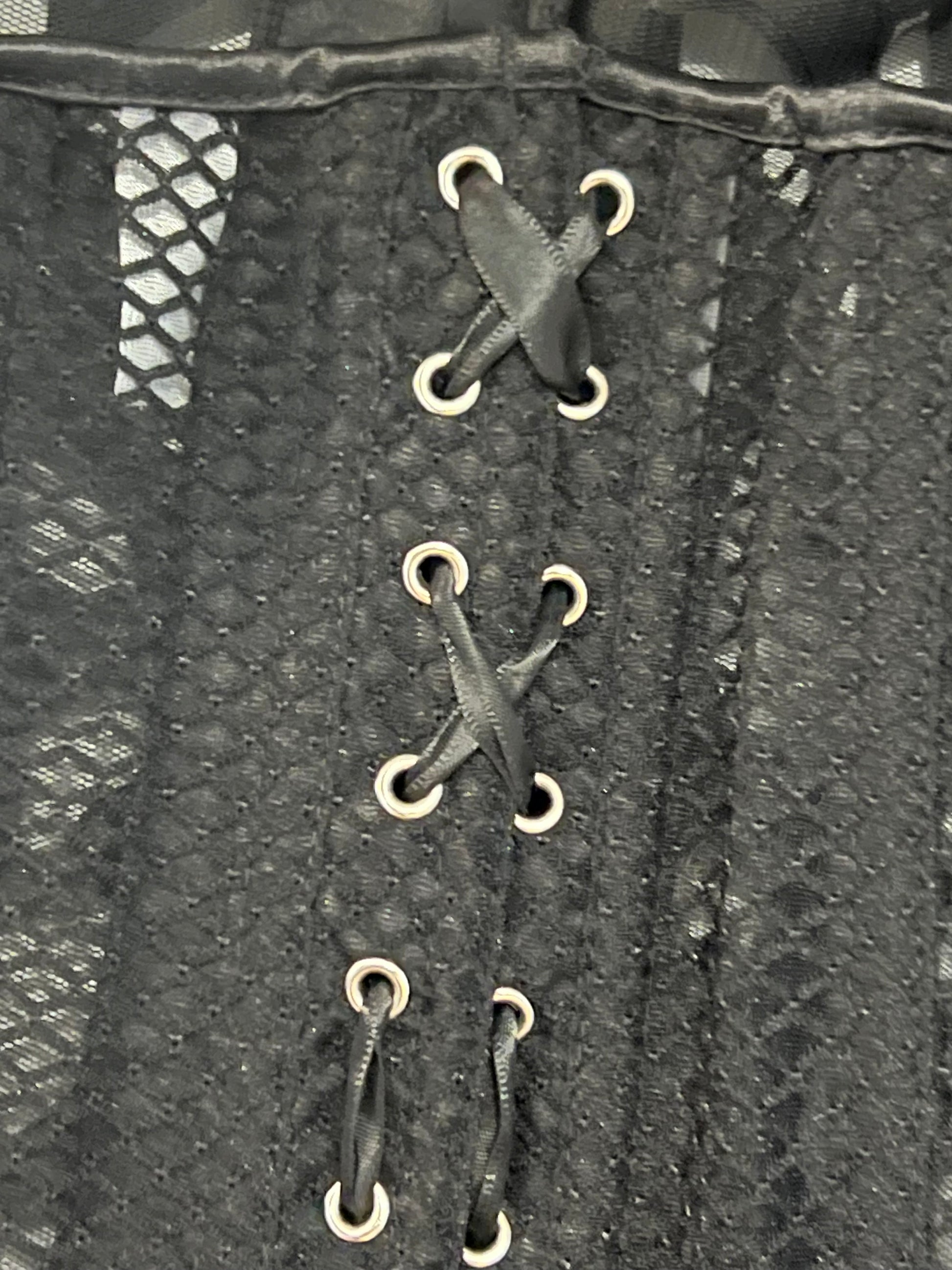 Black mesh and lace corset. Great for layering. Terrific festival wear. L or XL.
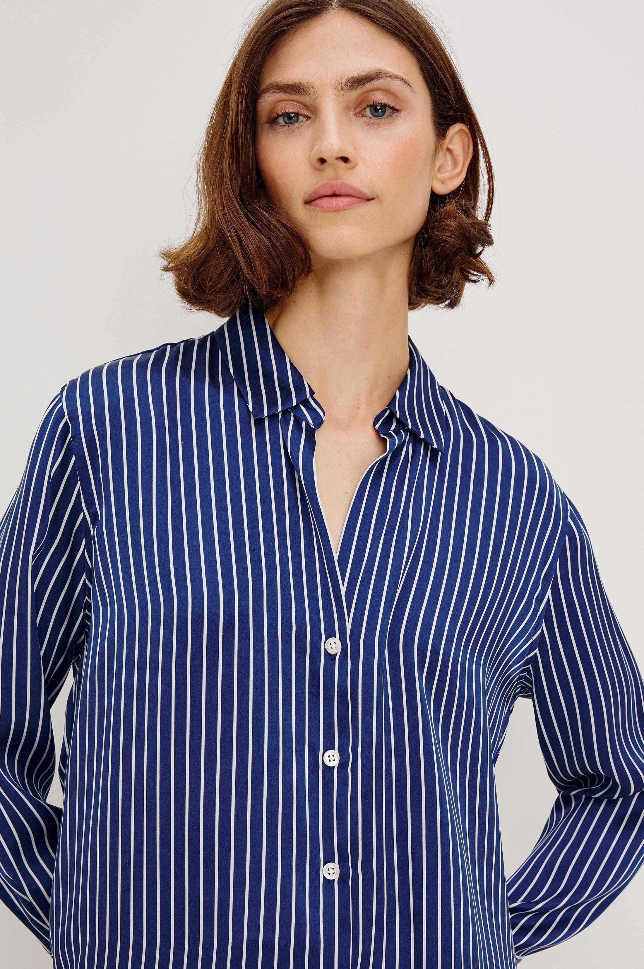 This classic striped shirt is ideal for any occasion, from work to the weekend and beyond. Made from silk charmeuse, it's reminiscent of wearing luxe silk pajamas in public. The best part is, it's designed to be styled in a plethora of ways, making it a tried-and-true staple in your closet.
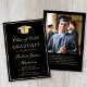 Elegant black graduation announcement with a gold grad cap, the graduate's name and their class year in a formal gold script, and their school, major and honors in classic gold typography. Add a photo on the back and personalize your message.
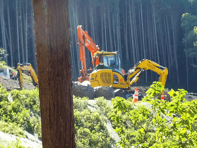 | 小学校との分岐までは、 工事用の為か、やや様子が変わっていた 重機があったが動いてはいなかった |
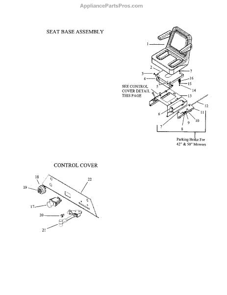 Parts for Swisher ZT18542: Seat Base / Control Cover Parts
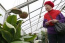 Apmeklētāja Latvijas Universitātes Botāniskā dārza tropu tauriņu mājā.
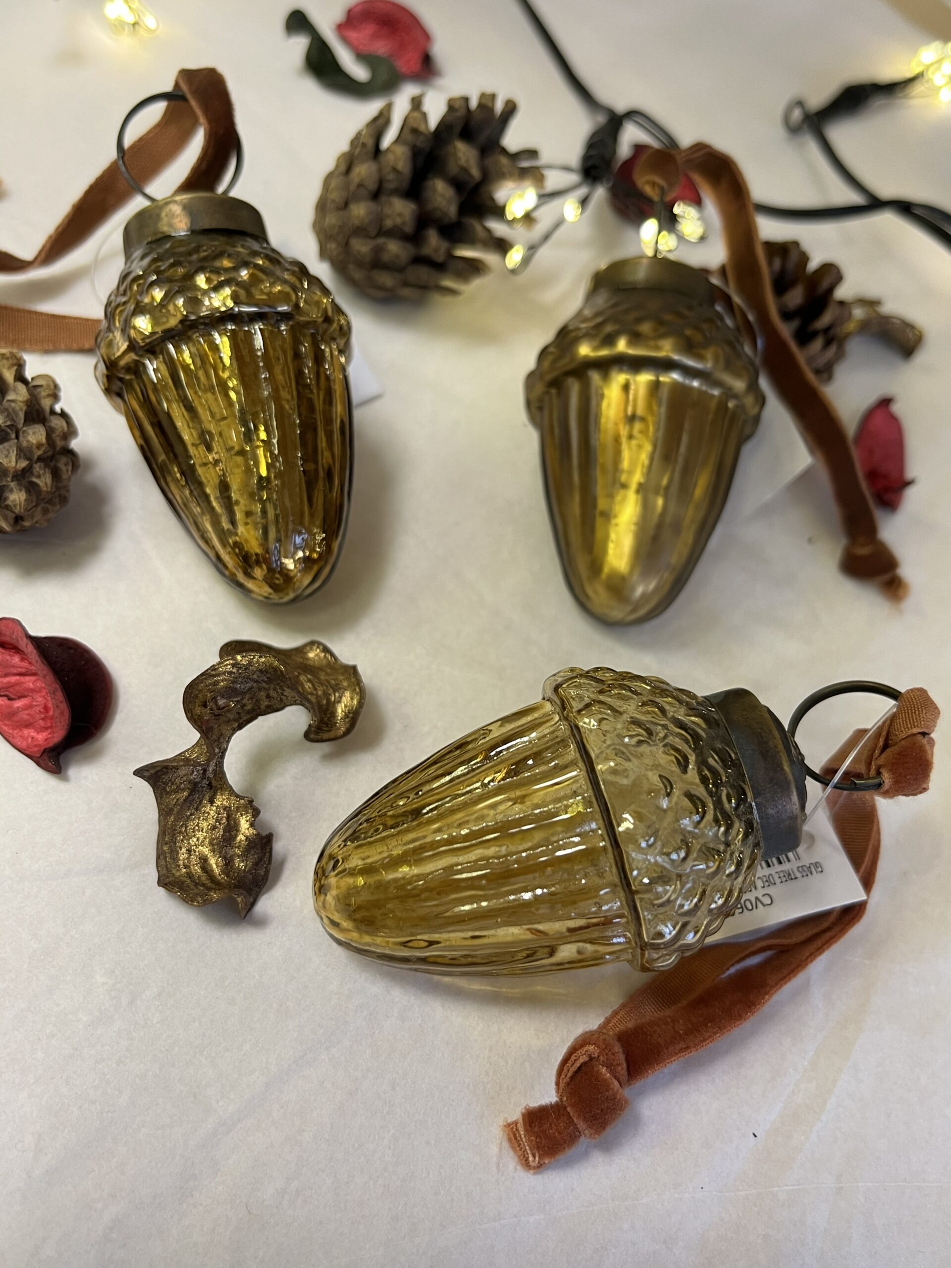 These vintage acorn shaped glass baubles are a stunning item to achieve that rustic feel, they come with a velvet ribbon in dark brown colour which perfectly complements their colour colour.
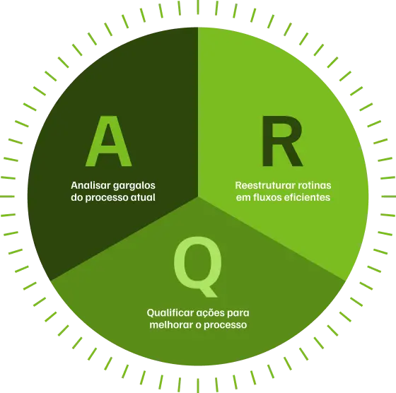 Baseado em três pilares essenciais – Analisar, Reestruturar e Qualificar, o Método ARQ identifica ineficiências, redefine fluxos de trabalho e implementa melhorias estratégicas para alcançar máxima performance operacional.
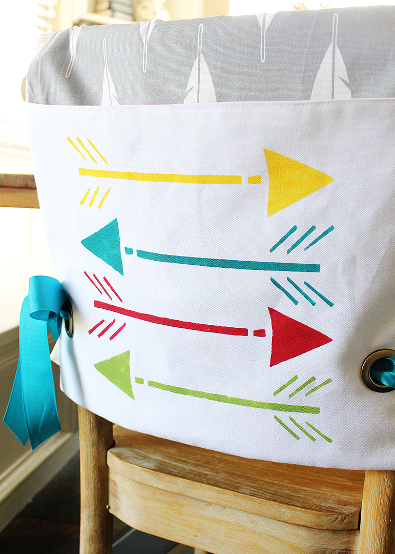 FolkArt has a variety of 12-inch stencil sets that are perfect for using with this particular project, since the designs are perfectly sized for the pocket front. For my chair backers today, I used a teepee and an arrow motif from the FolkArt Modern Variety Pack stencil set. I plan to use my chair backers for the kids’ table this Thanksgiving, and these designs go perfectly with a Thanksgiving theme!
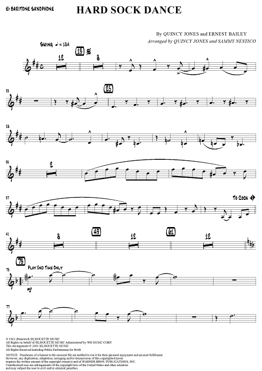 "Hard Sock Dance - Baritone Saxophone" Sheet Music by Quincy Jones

◇ ◇ ◇ ◇ ◇

Look above for the line with "Elegant black graduation", then print it and each line after it down to and including the line with "Baseado em três". Leave out the pictures and keep the wording exact.

**Output of the exercise:**
 Elegant black graduation announcement with a gold grad cap, the graduate's name and their class year in a formal gold script, and their school, major and honors in classic gold typography. Add a photo on the back and personalize your message.
 | 小学校との分岐までは、 工事用の為か、やや様子が変わっていた 重機があったが動いてはいなかった |
 Parts for Swisher ZT18542: Seat Base / Control Cover Parts
 Apmeklētāja Latvijas Universitātes Botāniskā dārza tropu tauriņu mājā.
 These vintage acorn shaped glass baubles are a stunning item to achieve that rustic feel, they come with a velvet ribbon in dark brown colour which perfectly complements their colour colour.
 Baseado em três pilares essenciais – Analisar, Reestruturar e Qualificar, o Método ARQ identifica ineficiências, redefine fluxos de trabalho e implementa melhorias estratégicas para alcançar máxima performance operacional.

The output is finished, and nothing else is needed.